Calculation of Cash out Flow under Replacement Decisions
Cost of New asset *
Add: Installation cost and other direct cost relating to asset *
Add: Additional working capital requirement *
Less: Lesser working capital requirement (*)
Less: Sale proceeds of existing machine (*)
Less: Tax shield on Capital loss on sale of existing machine (*)
Add: Tax payable on capital gain on sale of fixed assets *
Add: P.V. of subsequent capital expenditure, if any *
Less: Present value of subsidy received, if any (*)
Net cash outflow *
(a) In India, as per provision of Income Tax Act, block of assets method is used for calculation of depreciation and short-term capital gain/loss on disposal of assets. When block of assets method is adopted, tax shield or tax payable on capital loss/gain on disposal of existing asset is recognized as per provision of section 50 of Income tax Act. According to section 50 of Income Tax act, Short term capital gain or loss arises in this situation only subject to following conditions:
· Short term capital loss arises if only if, all the assets of a particular block are sold out, and sales consideration is less than the opening WDV of that block + any addition in that block during the year, which is not possible in this situation as in capital budgeting decision we replaces existing machine with another machine hence block does not cease to exist.

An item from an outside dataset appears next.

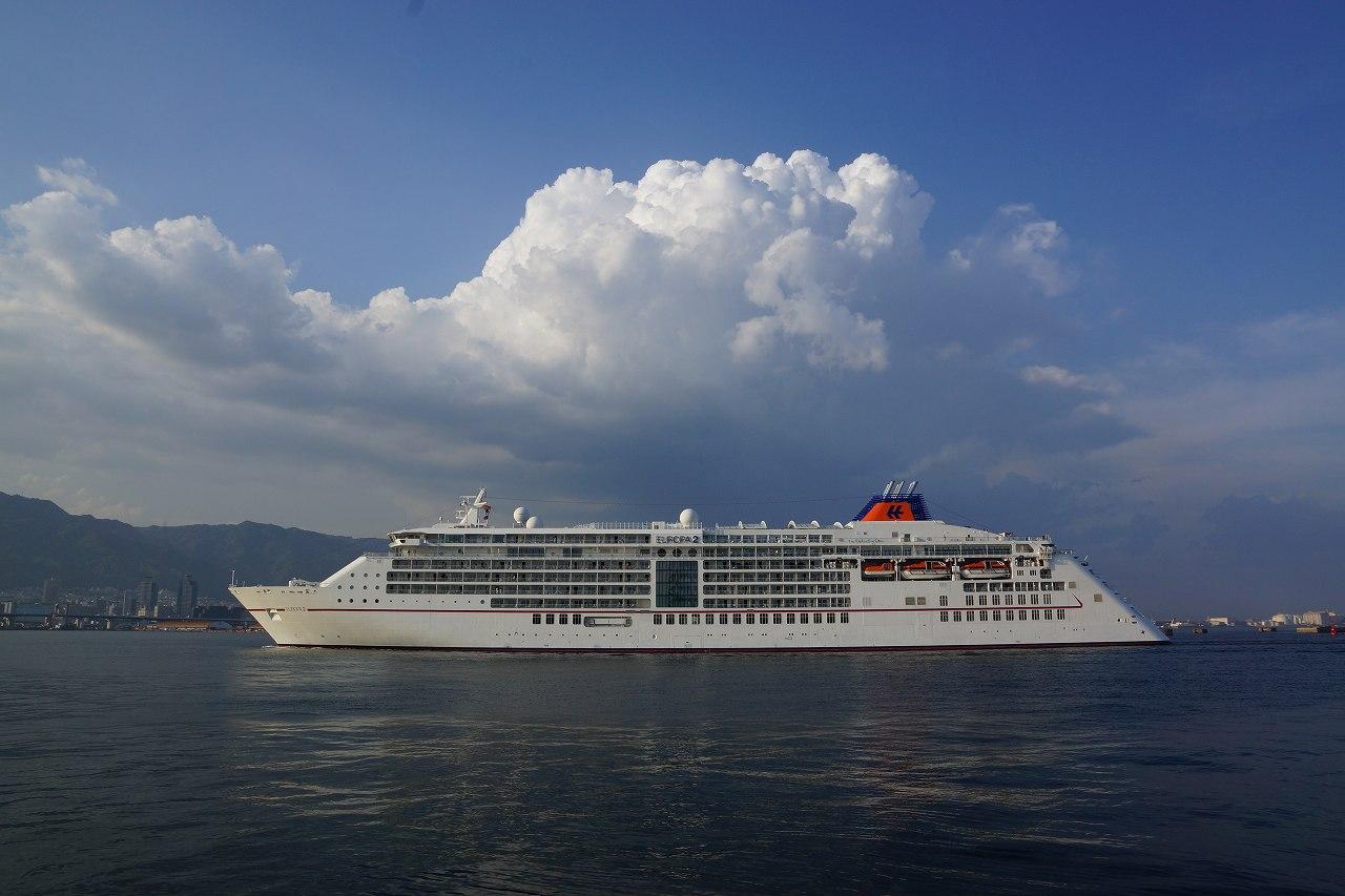5月3日撮影 神戸港北埠頭岸壁前を通過する、初入港の「EUROPA2」青空と白い雲と真っ白な船体の撮り合わせが絶妙! |

However, if new asset pertains to different block, short-term capital loss may arise on sale of existing machine subject to one condition that no other assets remain in that block after replacement.
· Short term capital gain is also not possible in this situation, as this arises if only if, sale proceed of existing machine is more than the opening written down value of that block + any addition during the year, which is normally not possible in capital budgeting decision as in such cases cash outflow will be negative.
However if both old and new assets pertain to different blocks. short term capital gain on disposal of existing asset may arise subject to one condition that sale proceed of existing asset is more than the opening WDV of that block. + Any addition during the year in that block.
(b) While calculating Cash outflow sunk costs if any shall be excluded. Sunk cost" is the cost that has already incurred and thus has no effect on the present or future decisions. The sunk costs are neither recovered if the proposal is rejected nor incremental if the project is accepted and therefore should not be considered in the capital budgeting decisions process. For example expenses incurred on conducting a market survey to assess the potential market.
(c) Opportunity costs are relevant costs and considered as a portion of cash flows in the capital budgeting process. The general framework for analyzing the opportunity costs begins by asking the question "Is there any other use for this resource right now?